**What needs to be done:** Without copying any picture, transcribe exactly the lines of the data below from the one containing "They are legend" through the one containing "Импульс возбуждения зарождается".

**Listed entries:**

===

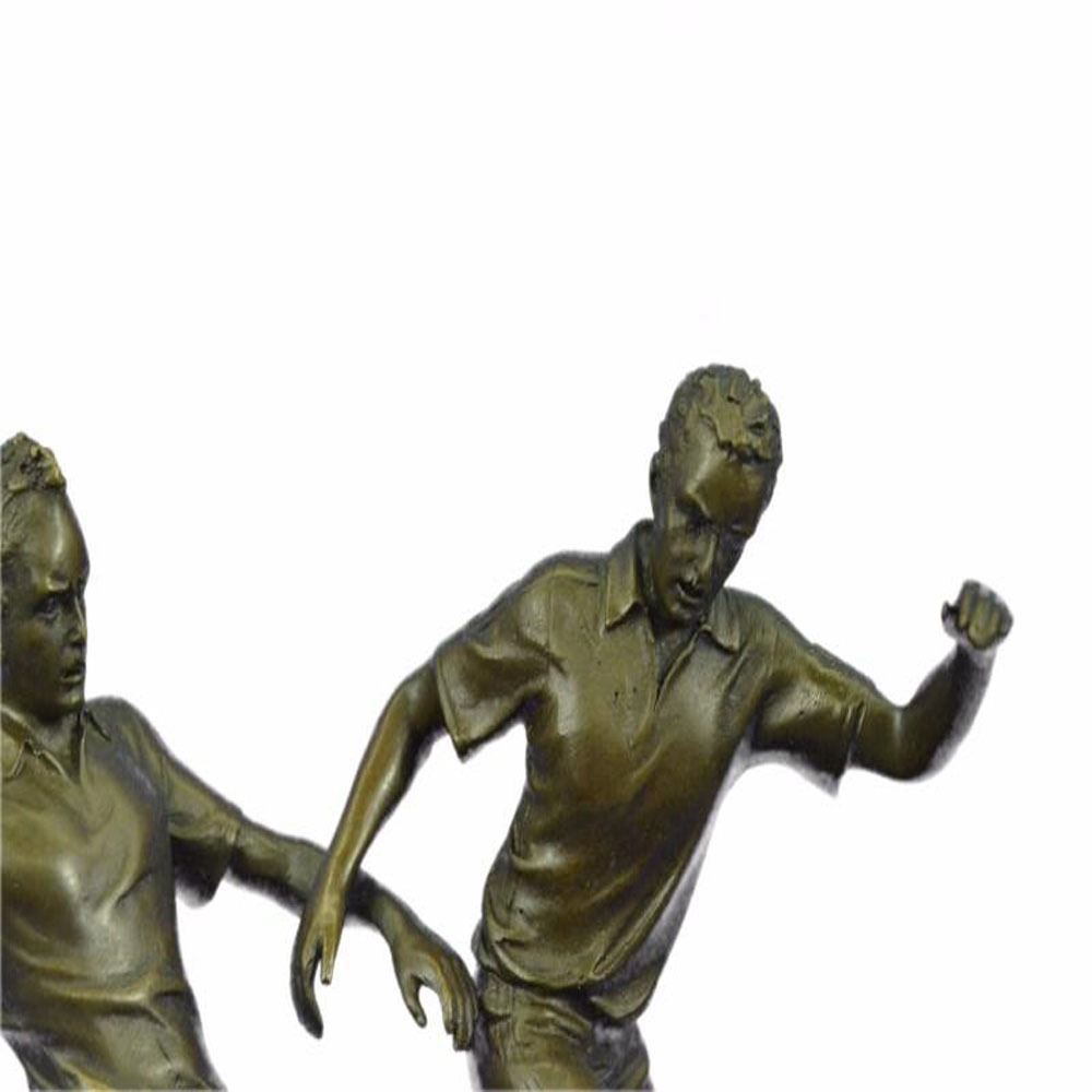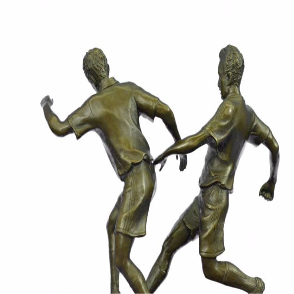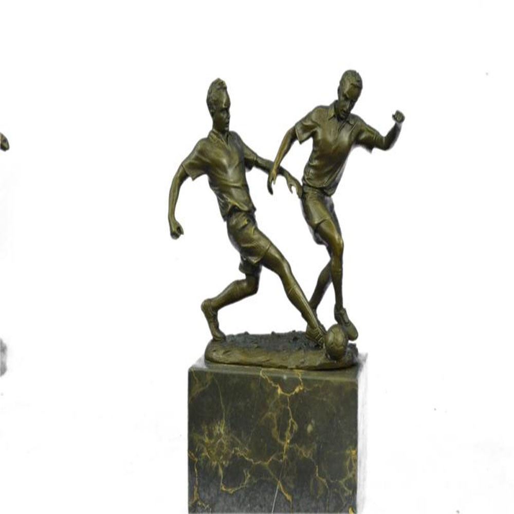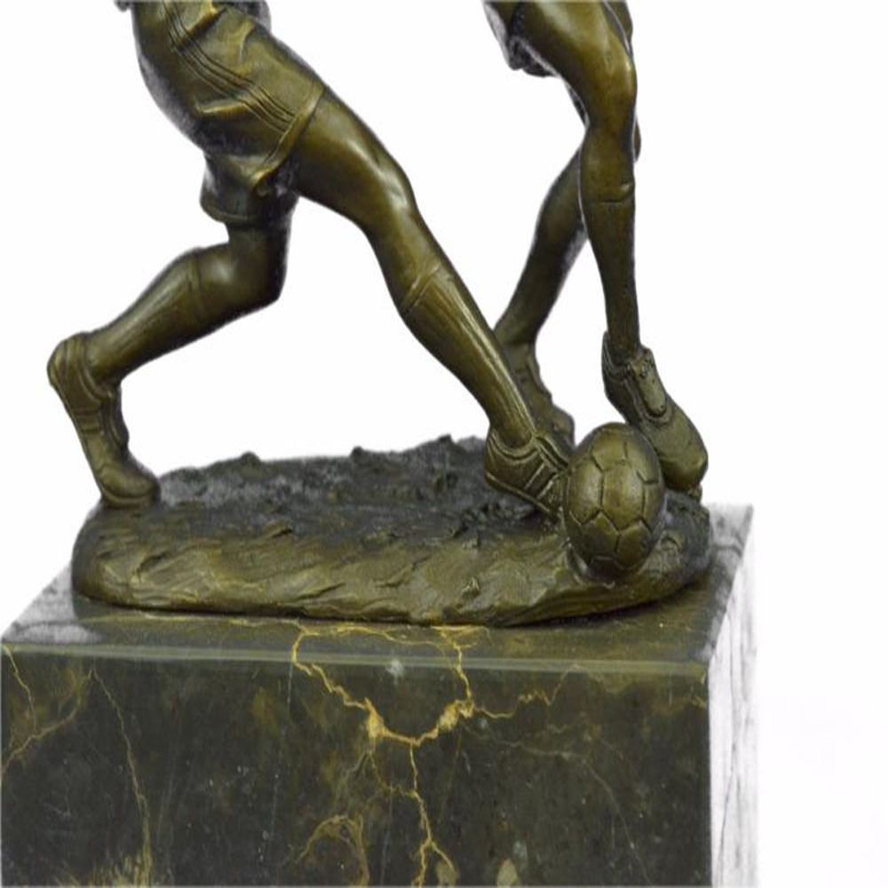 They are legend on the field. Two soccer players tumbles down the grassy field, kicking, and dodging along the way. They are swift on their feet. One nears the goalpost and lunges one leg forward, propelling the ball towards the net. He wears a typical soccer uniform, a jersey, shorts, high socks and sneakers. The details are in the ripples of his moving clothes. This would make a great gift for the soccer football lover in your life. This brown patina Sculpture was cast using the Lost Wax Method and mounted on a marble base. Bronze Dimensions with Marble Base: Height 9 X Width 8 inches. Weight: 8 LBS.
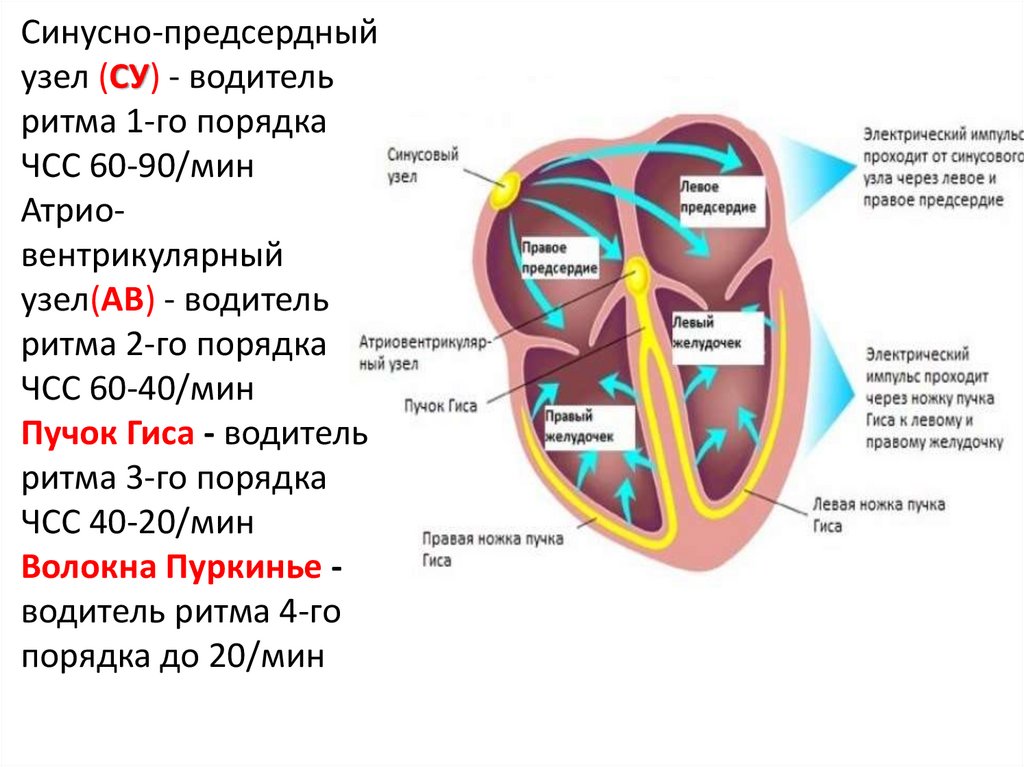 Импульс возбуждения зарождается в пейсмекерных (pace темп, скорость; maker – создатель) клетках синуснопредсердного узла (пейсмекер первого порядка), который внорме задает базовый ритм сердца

===

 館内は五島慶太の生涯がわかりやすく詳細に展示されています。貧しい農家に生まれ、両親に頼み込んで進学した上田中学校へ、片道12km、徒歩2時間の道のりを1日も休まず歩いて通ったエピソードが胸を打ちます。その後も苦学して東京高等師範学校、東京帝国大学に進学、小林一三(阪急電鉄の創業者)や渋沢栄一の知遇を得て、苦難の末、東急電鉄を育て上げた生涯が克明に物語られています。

===

**Task result:**
 They are legend on the field. Two soccer players tumbles down the grassy field, kicking, and dodging along the way. They are swift on their feet. One nears the goalpost and lunges one leg forward, propelling the ball towards the net. He wears a typical soccer uniform, a jersey, shorts, high socks and sneakers. The details are in the ripples of his moving clothes. This would make a great gift for the soccer football lover in your life. This brown patina Sculpture was cast using the Lost Wax Method and mounted on a marble base. Bronze Dimensions with Marble Base: Height 9 X Width 8 inches. Weight: 8 LBS.
 Импульс возбуждения зарождается в пейсмекерных (pace темп, скорость; maker – создатель) клетках синуснопредсердного узла (пейсмекер первого порядка), который внорме задает базовый ритм сердца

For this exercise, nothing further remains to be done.